Researchers conducted an amazing study in which they analyzed the accuracy of five AI models using 500 everyday math prompts. An interesting result showed that the AI had a 40% chance of getting the answer wrong.
Omni Research on Calculation in AI (ORCA) primarily shows that when AI chatbots are asked to perform routine mathematics, their accuracy varies widely between AI companies and between different types of mathematical tasks.
The selected models are:
- Gemini 2.5 Flash (Google)
- ChatGPT-5(OopenAI)
- DeepSeek V3.2 (Deep Seek AI)
- Grok-4(xAI)
The results demonstrated that no AI model scored higher than 63% on everyday math. Outstanding leaders, Geminis (63%) still get nearly 4 out of 10 questions wrong.
Grok achieved a similar score at 62.8%, while DeepSeek came in third at 52%, followed by ChatGPT at 49.4%.
AI accuracy peaks in math and conversation, but hits record lows in physical tasks
Performance varies by category. For math and transformations (147 out of 500 prompts), Gemini leads with 83%, followed by Grok with 76.9% and DeepSeek with 74.1%.
According to euro news, ChatGPT scored 66.7 percent in this category, and all five models had an accuracy of 72.1 percent, the highest among the seven categories.
To avoid errors in any case, users are advised to use a calculator or double check with another prompt.
4 big mistakes made by AI models
Experts categorized mistakes into four types and noted that the main challenge lies in converting real-world situations into correct formulas.
calculation error
In such cases, the AI may understand the question and formula, but fail during the actual calculation. This category includes precision and rounding issues (35%) and calculation errors (33%).
broken logic error
This type of error is one of the most serious as it indicates that the AI is having a hard time understanding the actual cause of the problem. These include errors in methods or formulas such as the use of incomplete mathematical approaches (14%) and incorrect assumptions, which account for up to 12% of errors.

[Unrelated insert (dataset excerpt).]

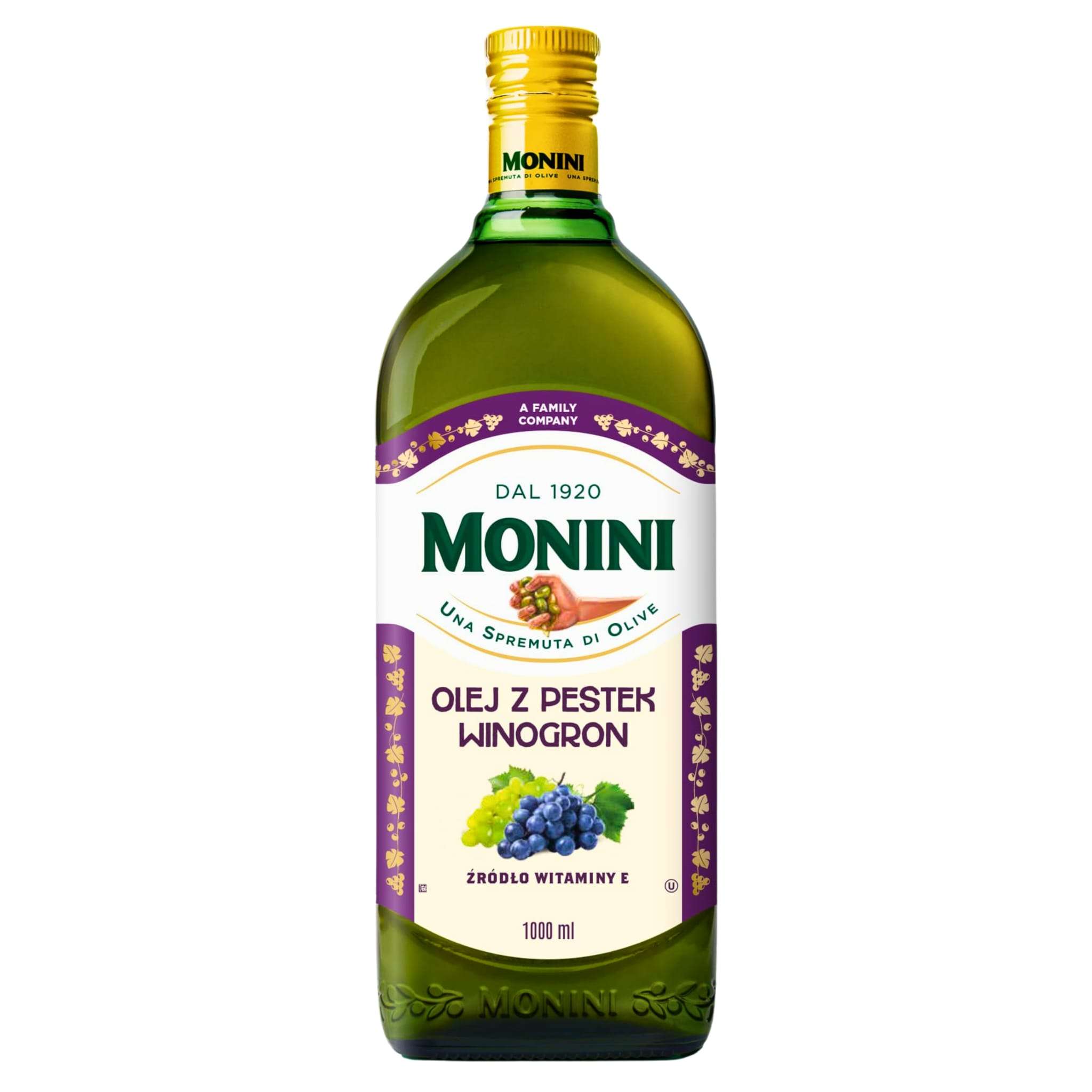 Olej z pestek winogron Monini to niezwykle popularny wśród Polaków olej do smażenia, pieczenia i grillowania. Potrawy smażone na oleju z pestek winogron zachowują delikatny smak, są lekkie i chrupiące. Olej ten jest praktycznie bezwonny, w związku z czym nie zmienia naturalnego smaku przygotowywanej potrawy i nie nadaje tłustego posmaku. Temperatura idealna do smażenia na oleju z pestek winogron to 160°C.

Misunderstanding instructions
Misreading instructions mainly occurs when the AI is unable to correctly interpret the question. Examples include using the wrong parameters, logic errors, and providing incomplete answers.
AI question deviation
The AI has been observed to simply reject or ignore questions rather than attempting a specific answer. The weakness is rounding, especially in multi-step calculations. If an error occurs at any point, the final result will be much different than usual.
Nevertheless, the study used a state-of-the-art model that is freely available to the public.
The study concludes with the following insights: If you want accurate answers to difficult word problems, ChatGPT is great. Want to take a photo of your receipt or receive an immediate response when your Gemini wins? Finally, if you need speed and concise answers, Grok is a solid choice.
This result shows that significant improvements are still needed to achieve reliable mathematics and conversational logic.